The numpy code is simple:


import numpy as np
import matplotlib
from matplotlib import pylab, mlab, pyplot
plt = pyplot

from pylab import *
from numpy import *
from scipy import signal

def quantization_noise(quant):
    N=8192
    freq = 128
    x = np.linspace(0., 1., N)

    y1 = 0.5 * np.sin(2 * np.pi * freq * x)

    y2 = (np.floor(quant * (y1)) / quant)
    diff = y2 - y1

    freqs = fftfreq(N)
    x_mask = freqs >= 0

    Y1 = np.fft.fft(y1)
    Y2 = np.fft.fft(y2)

    Y1db = 20 * np.log10(np.abs(Y1) / N * 4)[x_mask]
    Y2db = 20 * np.log10(np.abs(Y2) / N * 4)[x_mask]

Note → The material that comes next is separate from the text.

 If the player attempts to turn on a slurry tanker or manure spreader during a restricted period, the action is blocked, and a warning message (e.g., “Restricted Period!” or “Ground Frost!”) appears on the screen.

    plt.plot(freqs[x_mask], Y1db, 'bx', label = "input")
    plt.plot(freqs[x_mask], Y2db, 'r-', label = "output")
    #plt.plot(freqs[x_mask], Y1db, 'bx')
    plt.ylim([-140, 5])
    plt.xlim([0, 0.5])

    snr = np.amax(Y2db[3*int(freq):])
    print(snr)

    plt.plot([0.0, 0.5], [snr, snr], 'm-.', linewidth=1.0)
    plt.text(0.3, snr+4, "SNR=%4.1fdB" % snr)

    plt.grid(True)
    plt.legend(loc=1)

if True:
    plt.figure(figsize=(10,6))
    quantization_noise(8)

    tight_layout()
    plt.savefig("quantization_noise_8.png")

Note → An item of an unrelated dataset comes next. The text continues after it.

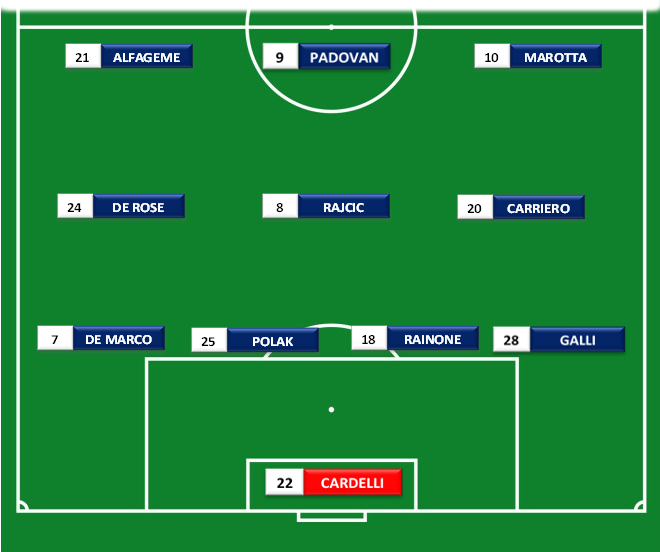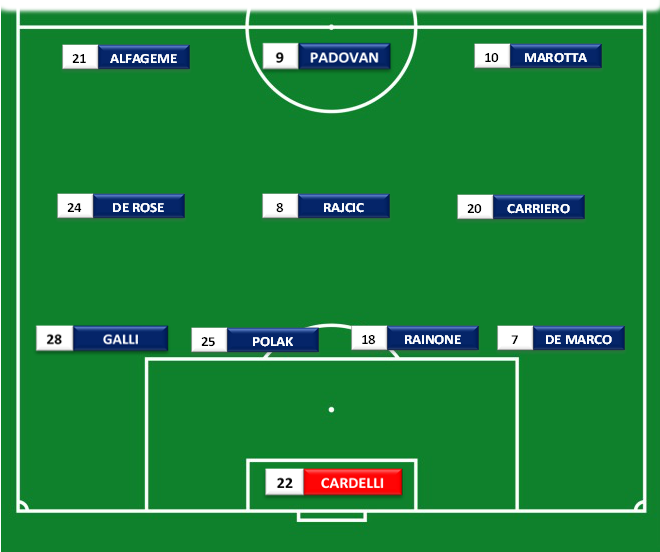 Dopo aver subito la rete di Barisic, Scazzola, per frenare Lattanzio, sposta Galli a sinistra e De Marco prende la posizione che era di Galli (Fig. 2)

    plt.figure(figsize=(10,6))
    quantization_noise(16)

    tight_layout()
    plt.savefig("quantization_noise_16.png")

When I look at the results, I get an SNR of 27.4dB for 3 bit of quantization. The theory predicts 19.8db.

enter image description here

Similarly, for 4 bits of quantization, I get an SNR of 36.1dB: ~9dB more than for 3 bits, where you'd a delta of 6dB.

enter image description here

Ultimately, I want to show how with 16 bits A/D conversion, you'd end up with 98dB, but as the quantization level increases, the output spectrum gets closer and closer to the input spectrum, which is a continuous downward slope, which raises the question at which point something is considered noise instead of part of the signal.

I used applied a hanning window to better isolate the sidelobes of the main signal, which, for 3 bits of quantization makes the SNR go up from the earlier 27.4dB to 33.3dB:

enter image description here

I'm trying to figure out where my understanding is lacking.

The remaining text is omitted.